A second important decision in terms of efficiency is the supply with renewable energy. There are three ways to acquire them: long-term contracts with electricity companies under a “carbon neutral” scheme; carbon credits (one of the international decontamination mechanisms, proposed in the Kyoto Protocol, to reduce emissions); or agreements with public utilities such as Power Purchase Agreement with a guarantee that all energy delivered will be certified and tracked by world organizations dedicated to renewable energy.

Among those who opt for PPAs is Telefónica, which has 60 data centers deployed in Latin America and Europe, generating 5% of its annual energy consumption. The company handles three ways of being renewable, as described by Nilmar Seccomandi David, director of Infrastructure Transformation at Telefónica, in a virtual event: PPA agreements, recertifications or self-generated reductions. The first alternative is the preferred one, with three agreements signed in Spain and others in Mexico and Brazil. Indeed, the Brazilian subsidiary managed to be the first one with offset emissions.
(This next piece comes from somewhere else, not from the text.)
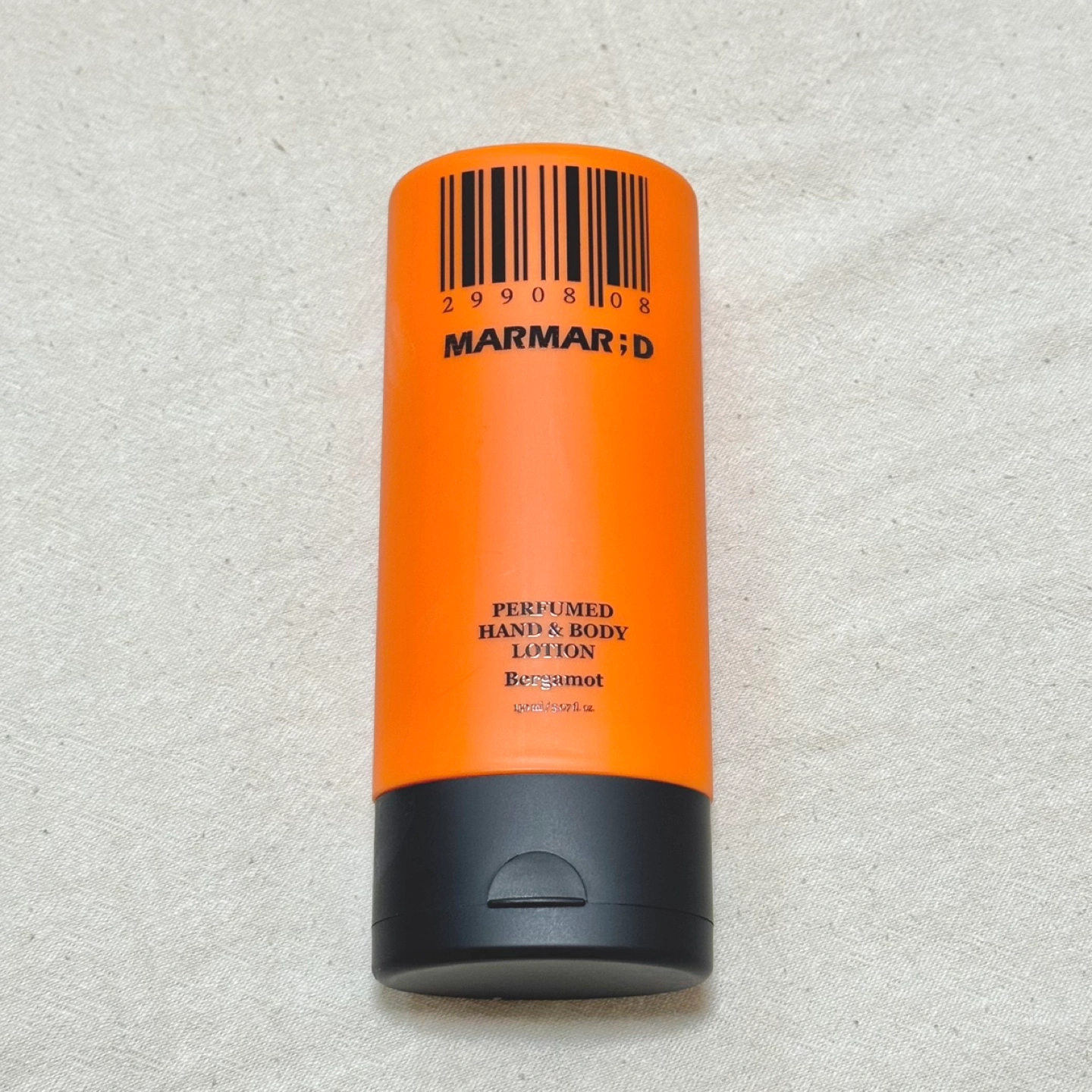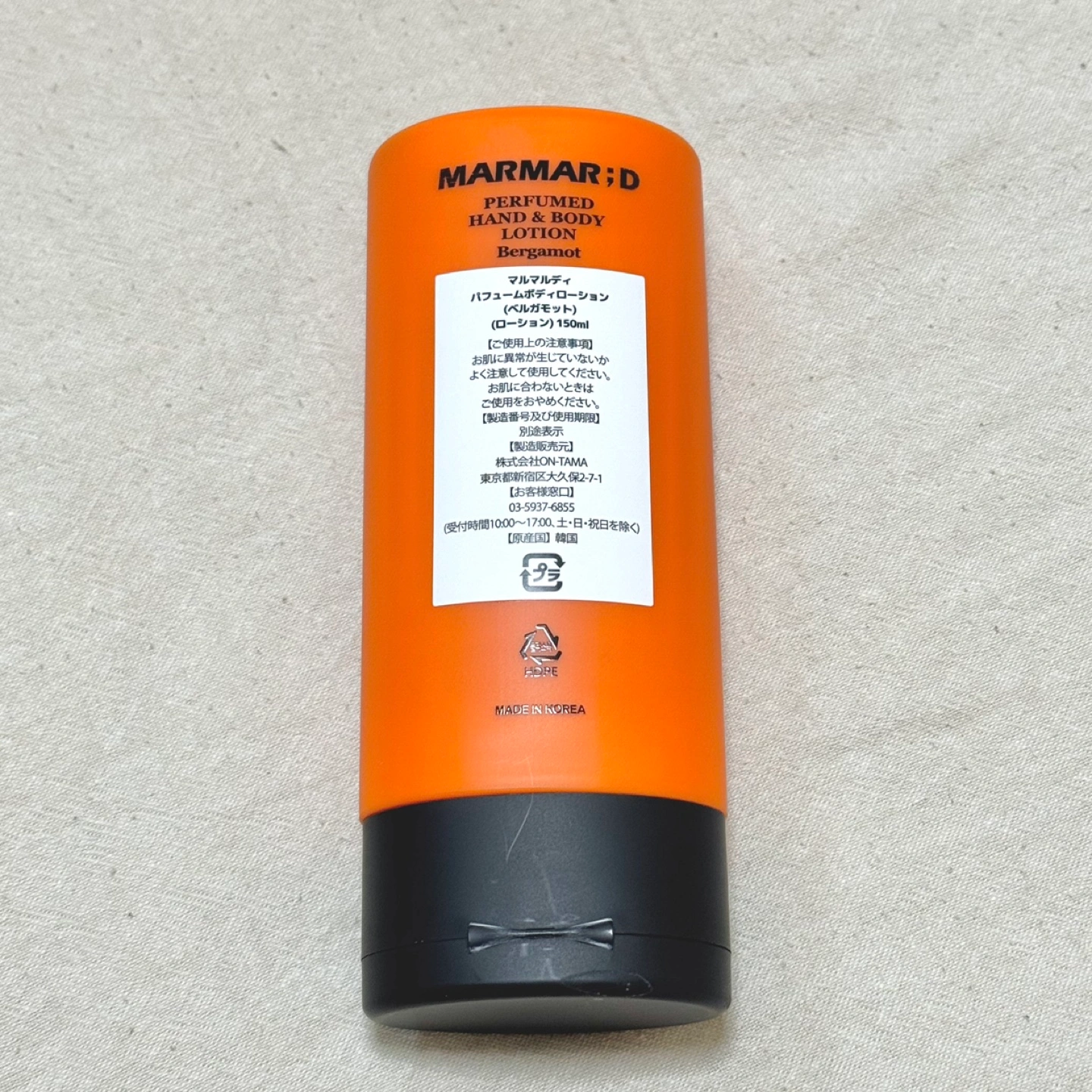 MARMAR:D マルマルディ PERFUMED HAND & BODY LOTION ハンドクリーム ボディローション 香り:ベルガモット 内容量:150ml 使用期限25.12.21 香りを嗅いだだけの未使用品です。 未使用ですが一度人の手に渡ったものですので気にされる方は購入をお控えください。 【商品説明】 爽やかなベルガモットオレンジにほのかなシダーウッドの香りを加えた暖かいオレンジの木の香り。 1.べタつきにくく、さっと手になじみ乾燥など外部からの刺激を受けた 手肌を柔らかく包みます。 2.ヒノキ*¹、マデカ*²、セラミド*³を含有し保湿、肌を整えます。 3.シアバター*⁴、アルガンオイル(アルガニアスピノサ核油)*⁵配合でキューティクルケアまで。 *¹:ヒノキ水(整肌成分) *²:マデカッソシド(整肌成分) *³:セラミドNP(保湿成分) *⁴:シア脂(保湿成分) *⁵:アルガニアスピノサ核油(保湿成分) 【ベルガモット】 爽やかなベルガモットオレンジにほのかなシダーウッドの香りを加えた暖かいオレンジの木の香り。 トップノート:ベルガモット ミドルノート:ジャスミン ベース:シダーウッド ーーーーーーーーーー 【MARMAR;D/マルマルディ】とは? 日常生活の中、毎瞬間向き合うすべての商品に本質的な機能と美しさを込めた韓国生まれのライフライフスタイルブランドです。 MARMAR;D(マルマルディ)の表現する、木・土・葉など、静寂と平和に包まれた森をイメージした香りは、疲れた日常にリラックスとヒーリングの気分を届けてくれます。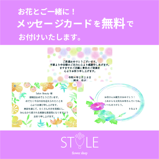 ≪無料≫ ちょっとしたお手紙としてご利用いただけます。ご希望の方はご購入手続きの際にメッセージ内容を備考欄に入力くださいませ。

Beyond powering of data centers, the use of lithium ion batteries for UPS equipment leads among the tools to optimize the consumption of internal equipment. Other factors to take into account to reduce the consumption of a data center are water supply; modularity in structures; and containment systems that optimize cooling.

The issue of energy efficiency does not emerge as a major current concern of data centers in Latin America, as Convergencialatina has shown, and it could only be so in three to five years. Globally, it already defines a new watershed in the industry: in the last twelve months the environmental impact of a data center has become an important criterion for the customer to evaluate where they place their workloads.